September 1 is the new January 1. If you lose track of time, Labor Day is the holiday that shakes you out of your reverie and reminds you that all those lovely resolutions you made last December now have only four months to come to fruition.
I’ve had a pretty decent writing year but I am forced to admit that client work and the garden took precedence from May to August. I have far more jars of pickles and tomatoes, far more frozen blueberries, figs, and spinach than short stories.
Would that my story crop matched the garden crop!
To inspire myself, this week I reviewed some quotes I’ve collected over the years from other writers and creative types. Some of these quotes have lived on my hard drive for more than thirty years. I’ve done little with them, and now—as a wiser and (ahem) older writer, I understand why. Most of them are full of it.
Let’s take the topic of process, for example. Here’s the late David Lynch offering advice on how to write a movie script. I saw him discuss this ages ago in a written interview. Decades later, he discussed it again in a video that went viral.
Here’s his advice:
“You get yourself a pack of 3x5 cards and you write a scene on each card and when you have 70 scenes you have a feature film. So on each card, you write the heading of the scene and then the next card, the second scene, the third scene, so you have 70 cards each with the name of the scene. Then you flesh out each of the cards and walk away you’ve got a script.”

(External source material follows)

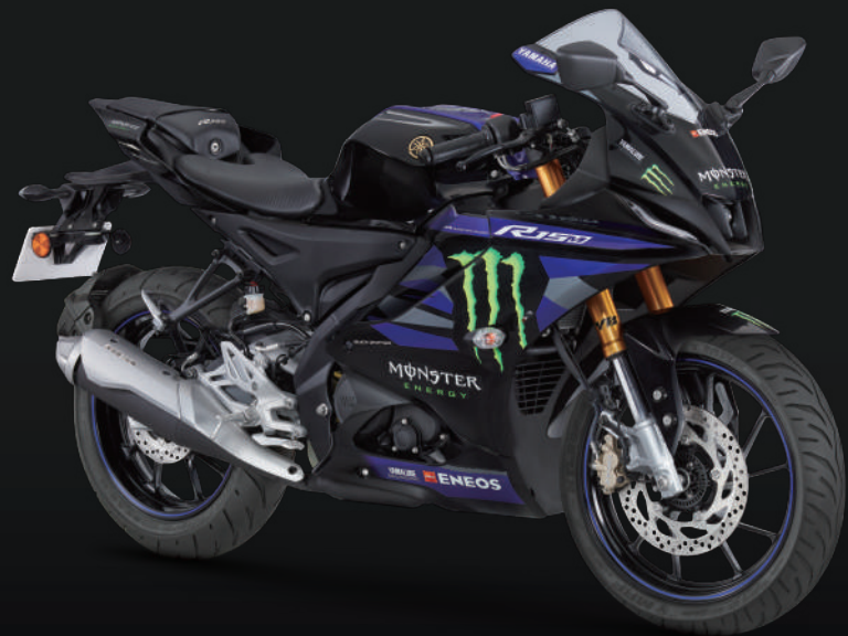
Monster Energy Yamaha MotoGP Edition 黑藍 I83DJ4

I ask you: Is this useful advice? Do screenwriters, producers, and show runners today use index cards while blocking a script? Sure! Their work is collaborative and a cork-board of cards helps them communicate their vision to others, just as storyboards do.
Do fiction and nonfiction writers use the same technique? Yes! Not all, but I know people who do. One friend texted me a photo of his bulletin board when, disbelieving, I asked for proof.
I suppose you could do such thing, if you want to go to the expense. The Scrivener software I use even has a “cork-board” mode that allows writers to create digital index cards and move them around to build their story. But it is far from the only way to write a story, script, or whatever. I still rely on a scrap of paper, especially when outlining shorts. When a decent idea hits, I use whatever’s handy to capture it.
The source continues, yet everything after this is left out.